[Stored items from a collection]
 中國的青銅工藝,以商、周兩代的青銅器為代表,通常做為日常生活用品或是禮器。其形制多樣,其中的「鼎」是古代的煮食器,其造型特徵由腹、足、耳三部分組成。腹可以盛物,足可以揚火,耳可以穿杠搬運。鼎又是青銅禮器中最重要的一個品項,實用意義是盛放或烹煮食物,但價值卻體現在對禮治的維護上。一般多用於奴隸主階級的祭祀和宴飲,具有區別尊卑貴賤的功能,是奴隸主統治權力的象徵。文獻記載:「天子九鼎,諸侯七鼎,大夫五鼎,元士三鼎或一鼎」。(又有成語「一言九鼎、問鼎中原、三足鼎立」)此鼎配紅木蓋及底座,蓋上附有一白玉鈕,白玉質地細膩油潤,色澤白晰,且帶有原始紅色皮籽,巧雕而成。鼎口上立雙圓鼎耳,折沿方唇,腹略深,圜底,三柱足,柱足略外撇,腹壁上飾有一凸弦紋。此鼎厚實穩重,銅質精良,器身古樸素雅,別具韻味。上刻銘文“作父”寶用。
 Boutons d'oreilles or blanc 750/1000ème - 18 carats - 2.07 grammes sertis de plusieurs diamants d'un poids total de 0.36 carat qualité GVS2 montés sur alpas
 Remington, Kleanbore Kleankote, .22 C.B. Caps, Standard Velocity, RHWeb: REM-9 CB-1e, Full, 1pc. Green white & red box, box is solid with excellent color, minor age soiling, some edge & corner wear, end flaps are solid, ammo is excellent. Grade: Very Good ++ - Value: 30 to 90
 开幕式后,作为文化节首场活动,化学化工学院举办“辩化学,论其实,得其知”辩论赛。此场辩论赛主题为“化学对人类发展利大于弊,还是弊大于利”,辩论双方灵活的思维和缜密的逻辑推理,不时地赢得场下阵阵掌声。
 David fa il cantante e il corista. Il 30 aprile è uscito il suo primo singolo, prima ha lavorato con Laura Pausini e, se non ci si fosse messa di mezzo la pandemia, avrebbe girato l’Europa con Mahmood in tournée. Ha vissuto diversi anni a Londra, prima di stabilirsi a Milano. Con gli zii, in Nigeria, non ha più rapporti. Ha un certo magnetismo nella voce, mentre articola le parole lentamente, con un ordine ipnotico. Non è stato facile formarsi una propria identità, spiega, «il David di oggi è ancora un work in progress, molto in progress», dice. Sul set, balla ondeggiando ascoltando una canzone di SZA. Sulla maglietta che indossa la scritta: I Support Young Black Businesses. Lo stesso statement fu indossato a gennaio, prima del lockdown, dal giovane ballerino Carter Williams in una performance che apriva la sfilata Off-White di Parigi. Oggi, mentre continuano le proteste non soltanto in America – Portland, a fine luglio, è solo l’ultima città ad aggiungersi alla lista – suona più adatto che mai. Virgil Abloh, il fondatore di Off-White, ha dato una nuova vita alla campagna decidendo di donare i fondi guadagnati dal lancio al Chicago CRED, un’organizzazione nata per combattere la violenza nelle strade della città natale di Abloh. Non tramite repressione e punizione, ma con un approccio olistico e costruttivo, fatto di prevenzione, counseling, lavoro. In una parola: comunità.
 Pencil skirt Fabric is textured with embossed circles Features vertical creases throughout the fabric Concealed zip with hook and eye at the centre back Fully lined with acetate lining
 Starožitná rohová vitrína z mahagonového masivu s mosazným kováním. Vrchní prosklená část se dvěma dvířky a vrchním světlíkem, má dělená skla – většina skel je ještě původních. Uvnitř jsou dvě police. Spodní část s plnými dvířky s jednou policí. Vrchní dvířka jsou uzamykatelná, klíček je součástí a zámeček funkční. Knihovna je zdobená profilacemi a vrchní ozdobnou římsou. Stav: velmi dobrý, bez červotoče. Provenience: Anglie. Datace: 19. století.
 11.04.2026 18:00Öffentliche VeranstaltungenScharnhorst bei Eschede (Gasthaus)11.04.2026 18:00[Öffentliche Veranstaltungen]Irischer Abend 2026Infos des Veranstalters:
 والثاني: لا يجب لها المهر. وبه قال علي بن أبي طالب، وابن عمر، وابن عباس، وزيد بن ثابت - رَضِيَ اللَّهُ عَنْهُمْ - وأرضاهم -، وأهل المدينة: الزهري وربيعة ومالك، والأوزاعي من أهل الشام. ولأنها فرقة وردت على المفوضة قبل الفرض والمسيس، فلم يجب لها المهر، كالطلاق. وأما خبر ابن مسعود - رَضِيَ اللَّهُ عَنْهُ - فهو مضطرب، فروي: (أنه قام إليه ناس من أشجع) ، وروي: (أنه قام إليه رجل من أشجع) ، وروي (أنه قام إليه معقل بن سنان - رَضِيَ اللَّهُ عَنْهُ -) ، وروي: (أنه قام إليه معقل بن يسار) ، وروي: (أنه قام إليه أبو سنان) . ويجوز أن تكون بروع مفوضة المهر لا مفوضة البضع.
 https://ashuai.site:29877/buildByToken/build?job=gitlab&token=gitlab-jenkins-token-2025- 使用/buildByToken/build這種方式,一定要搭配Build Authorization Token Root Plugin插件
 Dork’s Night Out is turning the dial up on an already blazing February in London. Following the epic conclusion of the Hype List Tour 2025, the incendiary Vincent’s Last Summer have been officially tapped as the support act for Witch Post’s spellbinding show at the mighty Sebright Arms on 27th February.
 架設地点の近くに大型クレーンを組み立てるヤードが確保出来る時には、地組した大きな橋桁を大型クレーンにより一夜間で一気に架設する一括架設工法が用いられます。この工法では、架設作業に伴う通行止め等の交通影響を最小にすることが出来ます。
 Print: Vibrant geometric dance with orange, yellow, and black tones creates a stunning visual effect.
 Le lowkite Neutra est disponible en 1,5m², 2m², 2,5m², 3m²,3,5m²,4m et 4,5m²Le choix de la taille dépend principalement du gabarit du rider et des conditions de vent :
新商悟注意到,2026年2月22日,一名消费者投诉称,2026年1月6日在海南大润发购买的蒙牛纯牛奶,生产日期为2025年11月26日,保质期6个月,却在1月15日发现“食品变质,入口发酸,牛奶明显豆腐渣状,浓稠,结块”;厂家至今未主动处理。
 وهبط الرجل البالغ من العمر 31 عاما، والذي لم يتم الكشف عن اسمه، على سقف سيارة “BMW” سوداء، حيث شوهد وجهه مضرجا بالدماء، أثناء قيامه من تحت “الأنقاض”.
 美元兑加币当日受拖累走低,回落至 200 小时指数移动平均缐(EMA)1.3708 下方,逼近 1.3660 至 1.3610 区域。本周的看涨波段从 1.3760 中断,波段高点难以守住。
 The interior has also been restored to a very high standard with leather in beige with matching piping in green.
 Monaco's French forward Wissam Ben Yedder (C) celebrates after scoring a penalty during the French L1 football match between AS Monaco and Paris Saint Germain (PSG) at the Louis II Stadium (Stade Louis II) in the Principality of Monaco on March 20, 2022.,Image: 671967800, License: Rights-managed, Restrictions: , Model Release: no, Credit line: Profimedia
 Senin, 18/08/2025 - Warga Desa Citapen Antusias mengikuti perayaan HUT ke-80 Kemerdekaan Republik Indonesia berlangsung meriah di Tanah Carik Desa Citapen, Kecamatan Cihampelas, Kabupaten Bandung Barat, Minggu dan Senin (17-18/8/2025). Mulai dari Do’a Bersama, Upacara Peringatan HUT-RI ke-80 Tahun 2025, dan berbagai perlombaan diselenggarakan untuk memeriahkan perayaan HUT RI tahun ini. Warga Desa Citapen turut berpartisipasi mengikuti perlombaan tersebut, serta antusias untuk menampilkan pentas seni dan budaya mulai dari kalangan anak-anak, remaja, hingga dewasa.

* [To do] Give the entries again in full, exactly as they were written above.

* [Answer]
 中國的青銅工藝,以商、周兩代的青銅器為代表,通常做為日常生活用品或是禮器。其形制多樣,其中的「鼎」是古代的煮食器,其造型特徵由腹、足、耳三部分組成。腹可以盛物,足可以揚火,耳可以穿杠搬運。鼎又是青銅禮器中最重要的一個品項,實用意義是盛放或烹煮食物,但價值卻體現在對禮治的維護上。一般多用於奴隸主階級的祭祀和宴飲,具有區別尊卑貴賤的功能,是奴隸主統治權力的象徵。文獻記載:「天子九鼎,諸侯七鼎,大夫五鼎,元士三鼎或一鼎」。(又有成語「一言九鼎、問鼎中原、三足鼎立」)此鼎配紅木蓋及底座,蓋上附有一白玉鈕,白玉質地細膩油潤,色澤白晰,且帶有原始紅色皮籽,巧雕而成。鼎口上立雙圓鼎耳,折沿方唇,腹略深,圜底,三柱足,柱足略外撇,腹壁上飾有一凸弦紋。此鼎厚實穩重,銅質精良,器身古樸素雅,別具韻味。上刻銘文“作父”寶用。
 Boutons d'oreilles or blanc 750/1000ème - 18 carats - 2.07 grammes sertis de plusieurs diamants d'un poids total de 0.36 carat qualité GVS2 montés sur alpas
 Remington, Kleanbore Kleankote, .22 C.B. Caps, Standard Velocity, RHWeb: REM-9 CB-1e, Full, 1pc. Green white & red box, box is solid with excellent color, minor age soiling, some edge & corner wear, end flaps are solid, ammo is excellent. Grade: Very Good ++ - Value: 30 to 90
 开幕式后,作为文化节首场活动,化学化工学院举办“辩化学,论其实,得其知”辩论赛。此场辩论赛主题为“化学对人类发展利大于弊,还是弊大于利”,辩论双方灵活的思维和缜密的逻辑推理,不时地赢得场下阵阵掌声。
 David fa il cantante e il corista. Il 30 aprile è uscito il suo primo singolo, prima ha lavorato con Laura Pausini e, se non ci si fosse messa di mezzo la pandemia, avrebbe girato l’Europa con Mahmood in tournée. Ha vissuto diversi anni a Londra, prima di stabilirsi a Milano. Con gli zii, in Nigeria, non ha più rapporti. Ha un certo magnetismo nella voce, mentre articola le parole lentamente, con un ordine ipnotico. Non è stato facile formarsi una propria identità, spiega, «il David di oggi è ancora un work in progress, molto in progress», dice. Sul set, balla ondeggiando ascoltando una canzone di SZA. Sulla maglietta che indossa la scritta: I Support Young Black Businesses. Lo stesso statement fu indossato a gennaio, prima del lockdown, dal giovane ballerino Carter Williams in una performance che apriva la sfilata Off-White di Parigi. Oggi, mentre continuano le proteste non soltanto in America – Portland, a fine luglio, è solo l’ultima città ad aggiungersi alla lista – suona più adatto che mai. Virgil Abloh, il fondatore di Off-White, ha dato una nuova vita alla campagna decidendo di donare i fondi guadagnati dal lancio al Chicago CRED, un’organizzazione nata per combattere la violenza nelle strade della città natale di Abloh. Non tramite repressione e punizione, ma con un approccio olistico e costruttivo, fatto di prevenzione, counseling, lavoro. In una parola: comunità.
 Pencil skirt Fabric is textured with embossed circles Features vertical creases throughout the fabric Concealed zip with hook and eye at the centre back Fully lined with acetate lining
 Starožitná rohová vitrína z mahagonového masivu s mosazným kováním. Vrchní prosklená část se dvěma dvířky a vrchním světlíkem, má dělená skla – většina skel je ještě původních. Uvnitř jsou dvě police. Spodní část s plnými dvířky s jednou policí. Vrchní dvířka jsou uzamykatelná, klíček je součástí a zámeček funkční. Knihovna je zdobená profilacemi a vrchní ozdobnou římsou. Stav: velmi dobrý, bez červotoče. Provenience: Anglie. Datace: 19. století.
 11.04.2026 18:00Öffentliche VeranstaltungenScharnhorst bei Eschede (Gasthaus)11.04.2026 18:00[Öffentliche Veranstaltungen]Irischer Abend 2026Infos des Veranstalters:
 والثاني: لا يجب لها المهر. وبه قال علي بن أبي طالب، وابن عمر، وابن عباس، وزيد بن ثابت - رَضِيَ اللَّهُ عَنْهُمْ - وأرضاهم -، وأهل المدينة: الزهري وربيعة ومالك، والأوزاعي من أهل الشام. ولأنها فرقة وردت على المفوضة قبل الفرض والمسيس، فلم يجب لها المهر، كالطلاق. وأما خبر ابن مسعود - رَضِيَ اللَّهُ عَنْهُ - فهو مضطرب، فروي: (أنه قام إليه ناس من أشجع) ، وروي: (أنه قام إليه رجل من أشجع) ، وروي (أنه قام إليه معقل بن سنان - رَضِيَ اللَّهُ عَنْهُ -) ، وروي: (أنه قام إليه معقل بن يسار) ، وروي: (أنه قام إليه أبو سنان) . ويجوز أن تكون بروع مفوضة المهر لا مفوضة البضع.
 https://ashuai.site:29877/buildByToken/build?job=gitlab&token=gitlab-jenkins-token-2025- 使用/buildByToken/build這種方式,一定要搭配Build Authorization Token Root Plugin插件
 Dork’s Night Out is turning the dial up on an already blazing February in London. Following the epic conclusion of the Hype List Tour 2025, the incendiary Vincent’s Last Summer have been officially tapped as the support act for Witch Post’s spellbinding show at the mighty Sebright Arms on 27th February.
 架設地点の近くに大型クレーンを組み立てるヤードが確保出来る時には、地組した大きな橋桁を大型クレーンにより一夜間で一気に架設する一括架設工法が用いられます。この工法では、架設作業に伴う通行止め等の交通影響を最小にすることが出来ます。
 Print: Vibrant geometric dance with orange, yellow, and black tones creates a stunning visual effect.
 Le lowkite Neutra est disponible en 1,5m², 2m², 2,5m², 3m²,3,5m²,4m et 4,5m²Le choix de la taille dépend principalement du gabarit du rider et des conditions de vent :
新商悟注意到,2026年2月22日,一名消费者投诉称,2026年1月6日在海南大润发购买的蒙牛纯牛奶,生产日期为2025年11月26日,保质期6个月,却在1月15日发现“食品变质,入口发酸,牛奶明显豆腐渣状,浓稠,结块”;厂家至今未主动处理。
 وهبط الرجل البالغ من العمر 31 عاما، والذي لم يتم الكشف عن اسمه، على سقف سيارة “BMW” سوداء، حيث شوهد وجهه مضرجا بالدماء، أثناء قيامه من تحت “الأنقاض”.
 美元兑加币当日受拖累走低,回落至 200 小时指数移动平均缐(EMA)1.3708 下方,逼近 1.3660 至 1.3610 区域。本周的看涨波段从 1.3760 中断,波段高点难以守住。
 The interior has also been restored to a very high standard with leather in beige with matching piping in green.
 Monaco's French forward Wissam Ben Yedder (C) celebrates after scoring a penalty during the French L1 football match between AS Monaco and Paris Saint Germain (PSG) at the Louis II Stadium (Stade Louis II) in the Principality of Monaco on March 20, 2022.,Image: 671967800, License: Rights-managed, Restrictions: , Model Release: no, Credit line: Profimedia
 Senin, 18/08/2025 - Warga Desa Citapen Antusias mengikuti perayaan HUT ke-80 Kemerdekaan Republik Indonesia berlangsung meriah di Tanah Carik Desa Citapen, Kecamatan Cihampelas, Kabupaten Bandung Barat, Minggu dan Senin (17-18/8/2025). Mulai dari Do’a Bersama, Upacara Peringatan HUT-RI ke-80 Tahun 2025, dan berbagai perlombaan diselenggarakan untuk memeriahkan perayaan HUT RI tahun ini. Warga Desa Citapen turut berpartisipasi mengikuti perlombaan tersebut, serta antusias untuk menampilkan pentas seni dan budaya mulai dari kalangan anak-anak, remaja, hingga dewasa.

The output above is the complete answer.